In the last two decades, we have extensively explored the semantic classifiers in ancient Egyptian scripts, showing how they encode the world from two complementary perspectives: universal cognitive tendencies of classification along with Egyptian society's categorization of the world. Our central hypothesis is that each graphemic classifier in the Egyptian writing system heads a conceptual category. The assemblage of words classified by a particular classifier presents us with a dynamic map of an emic category in the mind of a culture. Classifiers in the Egyptian script allow us to trace central and marginal members of conceptual categories, spot interrelations and overlaps between categories, observe diachronic developments and changes, and discover incompatibility of categories.

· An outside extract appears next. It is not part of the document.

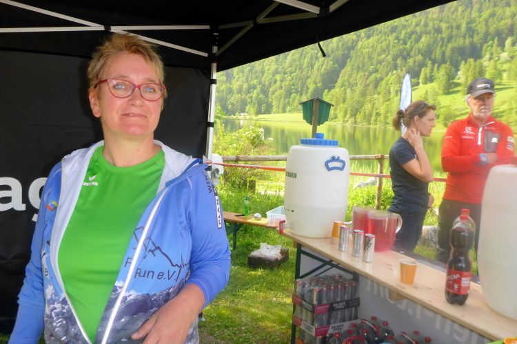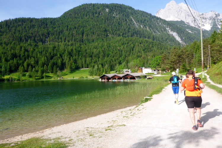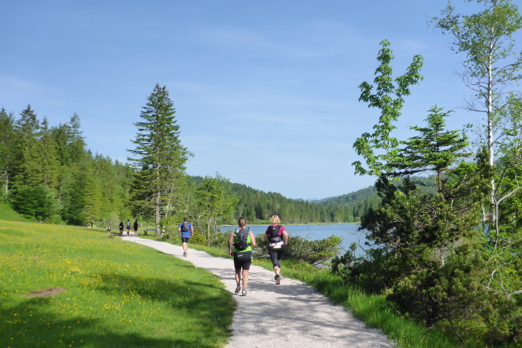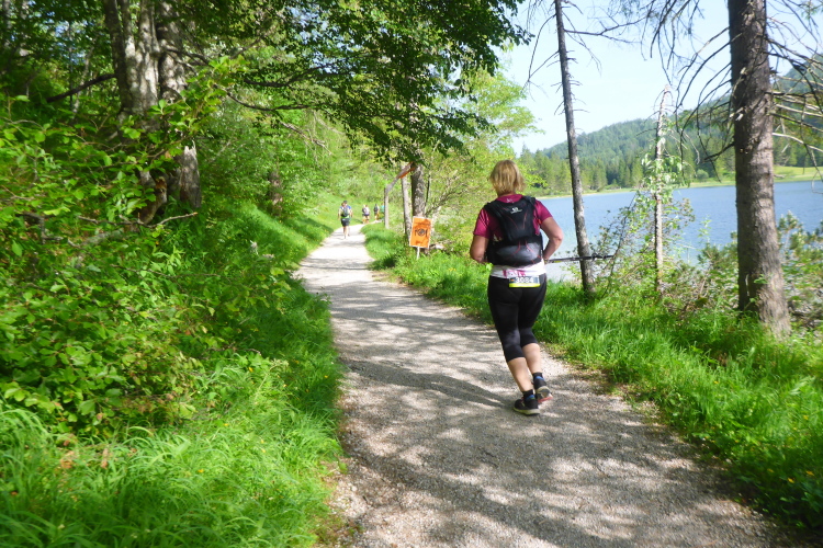 Wieder aus dem Wald heraus, befinden wir uns schon am Ferchensee. Der Weg am Ufer entlang ist ein Traum. Auf der gegenüber liegenden Uferseite können wir die erste VP am Gasthaus Ferchensee erkennen. Die Verpflegungsstation V7 bei km 5,4 ist großzügig eingerichtet. An mehreren Tischen versorgen uns Helfer mit diversen Getränken und am Buffet gibt es allerlei Kuchen, Obst (sogar Ananas), Nüsse, Käse, Wurst und Brot. Ab hier sind wir nun auf der Strecke, die auch die Läufer der langen Distanz zu bewältigen haben. Die können aber noch nicht hier sein, weil die V7 der Supertrail-Strecke ungefähr bei km 30 ist.

The number of classifier occurrences in complex script systems amounts to millions (i.e., big data). In the last decade, we developed in the ArchaeoMind Lab the digital tool iClassifier 1 (© Goldwasser, Harel, and Nikolaev) designed to check our hypothesis on a large scope of texts from different periods and different scripts. We mark classifiers in imported digitalized corpora—in ancient Chinese, ancient Egyptian, and Sumerian cuneiform. This contribution introduces the reader to the rules of the classifier system in the Egyptian script and presents new results from a pilot project on a genuine Egyptian corpus (variants of the Story of Sinuhe).